Chicago Pays the Price for Parking Privatization
It appears Chicago politicians who privatized city parking meter operations traded short-term political gain for long-term fiscal pain.
Chicago may have left as much as $974 million on the table under the terms of last year’s agreement with Morgan Stanley. A June report from the city inspector general [PDF] blasted the deal for being rushed, secretive and vastly too expensive for taxpayers. The report’s revelations incensed motorists already antagonized by a ragged roll-out of meter rate hikes.
All in all, it wasn’t the money for nothing bargain the City Council seemed to think it was back in December when Morgan Stanley handed over a check for $1.157 billion.

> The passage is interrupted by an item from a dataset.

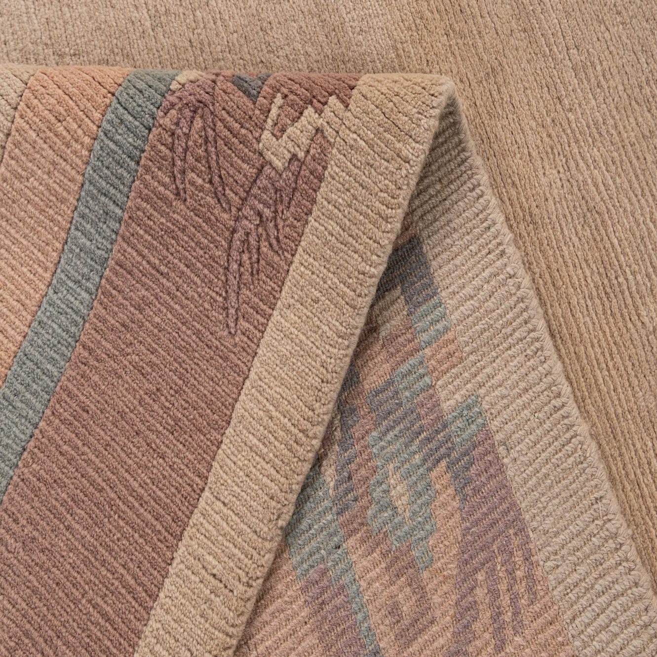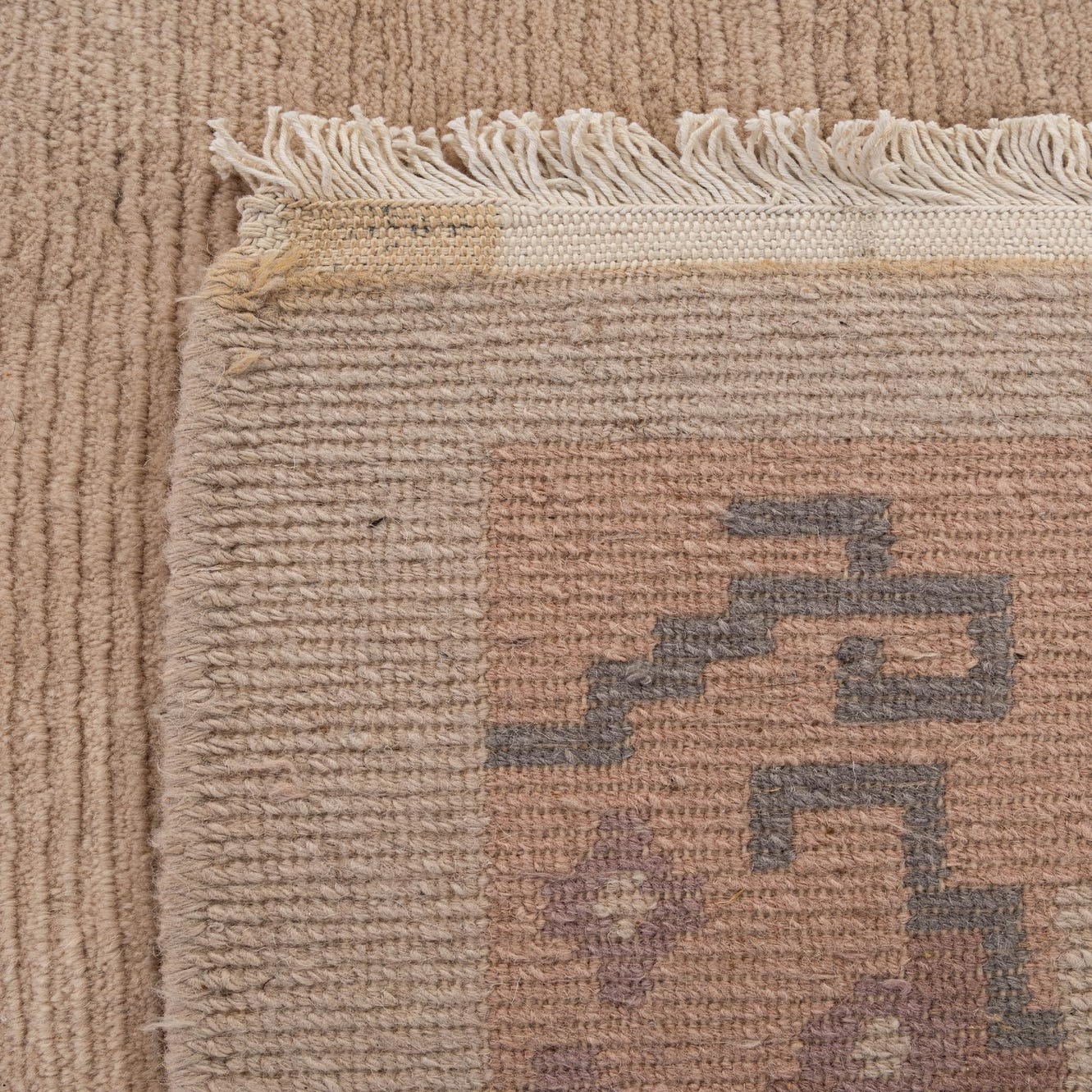 Primary color is Light Beige. Colors in this rug include: Light Beige, Gray, Pink, Violet, Brown.

This manna from Wall Street plugged the city’s gaping budget hole and allowed the council to avoid painful tax hikes and service cuts. It also enticed lawmakers in Los Angeles and Philadelphia, where officials were considering their own parking privatization deals.
In return for the upfront cash, Chicago leased its 36,000 parking meters for the next 75 years to the Morgan-led consortium, and granted it the authority to double and triple meter rates. By 2013 downtown meters are slated to double to $6 per hour; neighborhood meter rates are to double to $2 per hour.

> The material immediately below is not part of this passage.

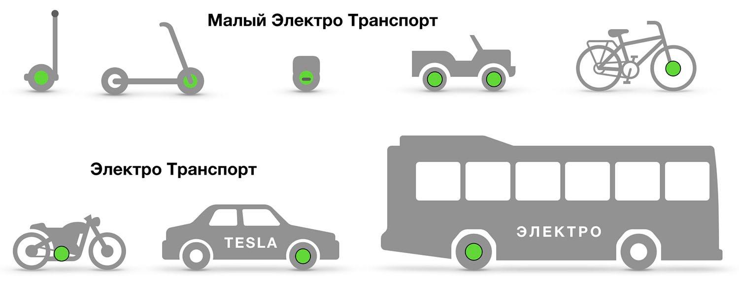 Почти весь электротранспорт от детского электросамоката до электробуса...

The deal was pushed hard by Mayor Richard Daley. The core of his privatization argument was that Chicago lacked the political will to raise meter rates and that desperate fiscal times demanded unlocking the value of public parking. He noted that city meters were only generating about $20 million a year, and because of neighborhood resistance, meter prices hadn’t gone up in 20 years. His conclusion was that Chicago had to outsource the political will to raise meter rates.
However, the inspector general’s report concludes that, "If Chicago were to keep control of the parking-meter system and operate it under the same terms as the private company, the system would be worth approximately $2.13 billion (in present dollars)," or $974 million more than the city received. Ironically, another cost of Chicago parking privatization was that it
quashed a number of neighborhood-supported parking improvement
districts, in which higher meter fees were to be invested in local
pedestrian, bicycle and transit improvements.
While public-private partnerships can be appealing because they require motorists to pay more of the actual cost of driving, are these deals really the only way to overcome political resistance to higher motoring fees?